Proofpoint has identified a new malware strain called ZenRAT [1] [3], which is being distributed through counterfeit Bitwarden installation packages [1] [4]. This modular remote access trojan (RAT) specifically targets Windows users and redirects non-Windows users to legitimate websites to avoid detection.


The exact method of distribution for ZenRAT is unclear [4], but it may involve tactics such as SEO poisoning [4], adware bundles [2] [4], or email-based attacks [4]. ZenRAT poses a significant cybersecurity threat as it has the ability to steal information. What makes ZenRAT particularly dangerous is its selective distribution strategy [4], offering the fake Bitwarden download only to Windows users while redirecting others to a legitimate website [4]. The malware authors have taken steps to obscure the payload’s hosting domain [4], making it difficult to trace its origin [4]. ZenRAT disguises itself as a different application in its metadata and collects extensive host information once executed [4]. This stolen data [2] [4], along with browser data and credentials [4], is sent back to the malware’s command and control server [4].
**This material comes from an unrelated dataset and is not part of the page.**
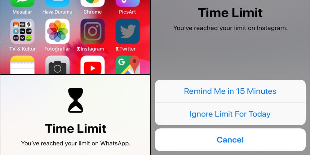 Öte yandan Apple'ın duyurduğu bir başka güzel özellik ise ekran sınırlama sistemi. Ayarlar bölümüne eklenmiş bu uygulama ile dilediğiniz bir uygulamayı ne kadar kullandığınızı görebiliyor ve bu uygulamaya günlük kullanma süresi atayabiliyorsunuz. Belirlediğiniz süre dolduktan sonra uygulama açılırken size bir uyarı veriliyor ve limitinizi doldurduğunuz bilgisi paylaşılıyor. Tabii ki limiti iptal etme ya da ek süre alma imkanınız var.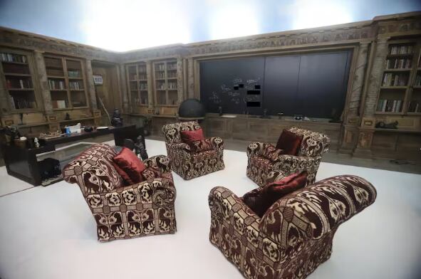 Las imágenes revelan dormitorios, baños, salas y una habitación con una silla de dentista y máscaras en la pared. También se observa un teléfono con contactos en marcación rápida y una pizarra con palabras como “poder” y “engaño”.

Proofpoint advises users to only download software from reputable sources and to be cautious of ads in search engine results [2]. They also warn about the risk of infections through ads in search engine results [3]. It is important for users to stay informed and practice good online security measures [3].


ZenRAT’s discovery highlights the ongoing threat of malware and the need for users to remain vigilant. By downloading software only from trusted sources and being cautious of ads in search engine results [2], users can reduce their risk of infection. It is crucial for individuals to stay informed about cybersecurity threats and practice good online security measures to protect their personal information and devices.